赤い光に包まれた天体観測ドームの中にいる天文学者

なぜAIは税務リスクや税務係争の管理を容易にすると期待されているのか


企業は、AIツールが税務調査の管理や係争解決の改善に一層役立つと予想しています。


要点

  • 税務部門の約70%が、税務係争に特化した生成AIツールを少なくとも1つ開発または導入している。
  • デジタルサービス税は、将来の税務係争における最大の懸念事項として浮上している。
  • 税務リスクと税務係争の管理において、強固なガバナンスは、優れたテクノロジーと並んで重要な役割を果たす。



EY Japanの視点 

AIが税務リスク管理において、その効率性と正確性の向上に資するものであることは疑いようがありません。わが国の税務当局も、デジタル技術の積極的な活用を図る「税務行政のデジタル・トランスフォーメーション(DX)」を推進し、課税事務の高度化に取り組んでいます。

しかしながら、複雑・高度化する経済社会のもとで、AIが企業の求める正確な成果物を常に提供してくれるわけではありません。

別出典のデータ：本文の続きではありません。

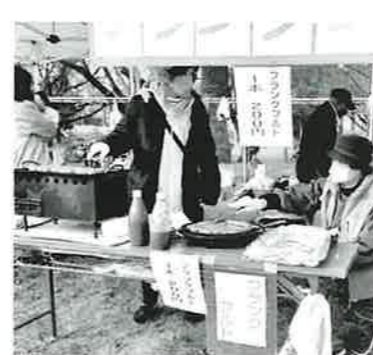
民児協のフランクフルトも大人気！

令和6年1月7日(日)、吉島公園にて「中島地区ふれあいとんど祭り」が行われました。コロナ禍以前のように、餅つきやぜんざいの振る舞いなどを含めての「完全版」のとんどを開催するのは実に4年ぶり。 一方、飲食の提供については、新型コロナウイルスなどの感染防止と衛生管理の徹底が求められる、食材を扱う人の手指消毒やマスク・手袋の着用はもちろん、食材の調理方法・場所(環境)についても指導がありました。 少々不便を感じながらも、従前の準備・手順を思い出しながら、みんなで協力して、コロナ前の活気に満ちたとんどとなりました。

企業の行う経済取引をどのように評価しAIと連携させ、また、検証する作業は依然として、必要と考えます。


EY Japanの窓口

原口 太一
EY Japan タックス・ポリシー・アンド・コントラバーシーリーダー EY税理士法人 EY審理戦略室 室長 パートナー



2025年EY税務リスクと税務係争に関する調査

税務係争は大きな転換点を迎えています。件数と解決までの期間の両面で継続的に増大しているため、企業と税務当局の双方が、負担の軽減を期待して生成AIを含むテクノロジーの導入を急いでいます。この流れは、もはや後戻りできない段階に差しかかっているかもしれません。

 

EYが1,934人の税務担当幹部を対象に実施した2025年EY税務リスクと税務係争に関する調査によると、回答者の87%が、生成AIにより税務調査や係争解決プロセスが効率化され、時間短縮と精度向上が図られることで、将来の係争管理が改善されると予測しています。10人中約7人が、税務係争管理に特化した生成AIツールを少なくとも1つはすでに開発済みであるか、生成AIを他の主要プロセスに統合中であると回答しています。これらのツールは、関税の影響で毎日のように変化する新しい環境に対応する上で、ますます必要不可欠かつ強力な存在となりつつあります。

 

テクノロジーの導入が急速に進む中、税務係争の将来像はより明確になっています。税務調査において、数年あるいは数十年も前の税務ポジションを文書化し、正当化するという従来の対応は、リアルタイムのやり取りへと移行しつつあります。これにより、全体的な正確性が向上し、税務係争の要因が減少するか、少なくとも解決に要する時間が短縮される可能性があります。

 

EY Global Vice Chair - TaxであるMarna Rickerは、次のように述べています。「これは、企業と税務当局の双方が一貫して掲げてきた目標です。つまり、正しい結論にたどりつくことです。データに基づく対話が大幅に増えれば、意見の相違は減少します。まず事実を出発点として、そこに税務上の技術的ルールや政策を重ねていくことができるのです」

 

生成AIやその他の税務テクノロジーの急速な統合は、税務係争の要因が減る兆しを見せていないものの(実際、係争の件数と解決に要する時間の両面で新たな争点がほぼ毎日浮上しています)、係争が解決されてきた従来のパラダイムが恒久的に変化しつつあることを示しています。生成AIの統合が加速する中で、データの収集、クレンジング、報告、分析といったデータ管理が鍵であることが明確になっています。調査によれば、生成AIツールをすでに開発し、より広範に統合している企業は、税務係争管理に対する満足度が高いと報告されています。これは、世界中のほぼ全ての税務当局で見られる「デジタル化」の波において重要な要素です。

生成AIは税務係争を改善させる
87%
の回答者は、生成AIが将来の税務係争管理を改善させ、税務調査および係争解決プロセスをより効率的かつ正確にすると答えています。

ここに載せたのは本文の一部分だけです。